The agreed-upon plan was for Kukuk, Johnson, and Pence to keep the people
inside the apartment out of the way while Kindell and Patterson "[took] stuff." Most of
the men, Patterson included, concealed their faces. Kukuk carried a broken chair leg as a
weapon, and Johnson had an unloaded gun. Together, the five walked from Kukuk's
residence to the apartment, where Pence broke the door in by ramming it with his
shoulder. Pence entered the apartment first, followed by Johnson and Kukuk.

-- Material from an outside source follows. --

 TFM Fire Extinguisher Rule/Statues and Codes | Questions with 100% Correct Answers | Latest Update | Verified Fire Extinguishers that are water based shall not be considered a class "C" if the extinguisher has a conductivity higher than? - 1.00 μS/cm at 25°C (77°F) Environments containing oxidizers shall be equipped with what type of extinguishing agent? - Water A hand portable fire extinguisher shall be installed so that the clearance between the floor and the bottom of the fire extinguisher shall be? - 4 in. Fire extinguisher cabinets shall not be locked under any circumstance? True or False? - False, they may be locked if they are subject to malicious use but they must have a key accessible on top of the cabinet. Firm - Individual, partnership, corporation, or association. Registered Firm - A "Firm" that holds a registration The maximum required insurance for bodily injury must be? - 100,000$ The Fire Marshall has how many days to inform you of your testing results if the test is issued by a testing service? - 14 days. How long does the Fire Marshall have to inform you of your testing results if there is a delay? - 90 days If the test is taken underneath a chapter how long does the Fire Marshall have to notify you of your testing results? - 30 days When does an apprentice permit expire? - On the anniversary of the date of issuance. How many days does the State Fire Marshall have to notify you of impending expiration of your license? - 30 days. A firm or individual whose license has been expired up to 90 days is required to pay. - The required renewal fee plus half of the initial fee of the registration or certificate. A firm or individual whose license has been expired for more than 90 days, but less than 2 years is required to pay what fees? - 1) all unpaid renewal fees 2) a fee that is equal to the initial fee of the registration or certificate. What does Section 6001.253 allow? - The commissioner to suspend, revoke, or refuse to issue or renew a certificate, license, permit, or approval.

All three of
these men went up the stairs towards the bedrooms while Patterson and Kindell stepped
inside the house and waited by the front door in the living room.
There were four victims in the apartment that night: the three male roommates
(Shubhankar Mathur, Adams, and Salmons) and Mathur's girlfriend, Jacqueline Wells.
All were asleep at the time the five men entered the apartment. Pence, Kukuk, and
Johnson confronted the residents of the apartment separately, and there was evidence at
trial of the following:
Johnson hit Salmons with the gun, cutting a gash in Salmons' head and causing
him to scream, but no property was taken directly from Salmons.
Kukuk, Johnson, and Pence broke into Mathur and Wells' bedroom, threatened
them, and took from them approximately $140, some marijuana, and their cell
phones.
Kukuk, Johnson, and Pence then went to Adams' room, where Kukuk hit Adams
several times with the wooden stick while demanding money and marijuana.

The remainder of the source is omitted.